# Human-powered CO2?



## Praxx42 (Mar 4, 2005)

Would plants be able to process human-expelled CO2? 

I'm running low on pressurized CO2 and won't be able to get more for a few days. I've got a 2L bottle of Excel, but I know for a fact it's not as effective, so I was thinking about breathing a couple of breaths into the feed line for my external reactors (they're awful big) and letting the plants process that each day until I can scratch up some money for the canisters.
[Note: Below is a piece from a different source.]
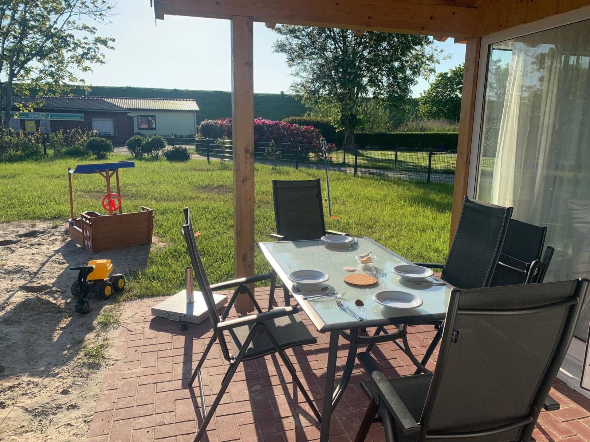 New build!!! Detached, ground floor bungalow (built June 2020) for 6 people, own approx. 740 sqm plot, sauna, completely tiled throughout the house, all windows have fly screens, walk-in shower, 2 bedrooms with TV. 3 bedrooms: 1 bedroom with double bed 180 x 200, 1 bedroom with 2 x single bed 90 x 200, 1 bedroom with 1x bunk bed, 1x single bed 90 x 200, large living room with 6.5 m window front to the floor, bathroom with walk-in shower, bathroom with flat shower tray, covered sun terrace with garden furniture and parasol, carport and further parking space behind, fully equipped fitted kitchen with dishwasher, microwave, oven and ceramic hob. Washing machine, free WLAN in the house!The house is located in the holiday village Eckwarderhörne in the immediate vicinity of the dyke, the ferry dock (including passenger/bike ferry to Wilhelmshaven) and a 50,000 m2 inland lake belonging to the holiday village (with an approx. 500 m2 sandy lawn directly on the inland lake, swimming pontoon and jetties). The Eckwarderhörne lido with its beach hall, lighthouse, ferry landing stage and starting point for guided mudflat walks is around 800 m away. The holiday village is idyllically situated away from the traffic and has the "To'n Spieker" dyke inn, bicycle hire, children's playground and a 1000 m2 play area with beach volleyball court, badminton court, basketball hoop, outdoor table tennis table, sandpit and swings.Electricity, gas, final cleaning and water consumption includedVisitor's tax/guest card according to valid statutesExempt are: Severely disabled persons (and 1 accompanying person) with 80% degree of disability as well as the 3rd and each additional child of a family, provided that the guest contribution is paid for the 1st and 2nd child. Excursion possibilities : On the water: from the Eckwarderhörne ferry landing stage approx. 500m away: passenger/cycle ferry to Wilhelmshaven, Jade Bay tours (seal banks, lighthouse), mudflat walks On land: 3000 sqm bathing paradise - 8 minutes by car, Bremerhaven fishing harbour, Jaderberg animal/leisure park, 3,000 sqm indoor play barn and North Sea lagoon - 15 minutes by carLocation description : The seaside resort of Eckwarderhörne is located directly on the dyke on the Butjadingen peninsula - surrounded by water on three sides - in the middle of the "Lower Saxony Wadden Sea National Park".Bungalow (built June 2020) detached premium holiday home with 741 sqm plot, fenced, WLAN, sauna, directly North Sea in the holiday village Eckwarderhörne: N 2

I know I'd have to bleed the reactors daily for insoluble gasses, but do you think this would this work?


----------



## defdac (May 10, 2004)

Here is an experiment with an alternative source of CO2:

http://www.thekrib.com/Plants/CO2/mouth.html
"CO2 By Human Respiration"


----------



## Praxx42 (Mar 4, 2005)

Cool, thank you. I know what I'm going to be doing tonight when the lights come on!


----------



## Bert H (Mar 2, 2004)

The krib reference defdac has there is from one of our members 'HeyPK'. You might want to send him a pm and ask him about it.


----------



## Praxx42 (Mar 4, 2005)

Upon further research and a little encouragement from HeyPK, I have been trying this for a couple of days now. Seems to be working pretty well... the plants in the big tank are still pearling at the end of the "day," but *I* obviously don't make as pure an output of CO2 as what's in the tank, because the pH doesn't drop NEARLY as much as with the pressurized canisters.

I'm still going to setup both tanks for pressurized for when I leave town for a few days or if I ever get to take a vacation, but I don't see any reason to stop using this method. Thank you, everyone!


----------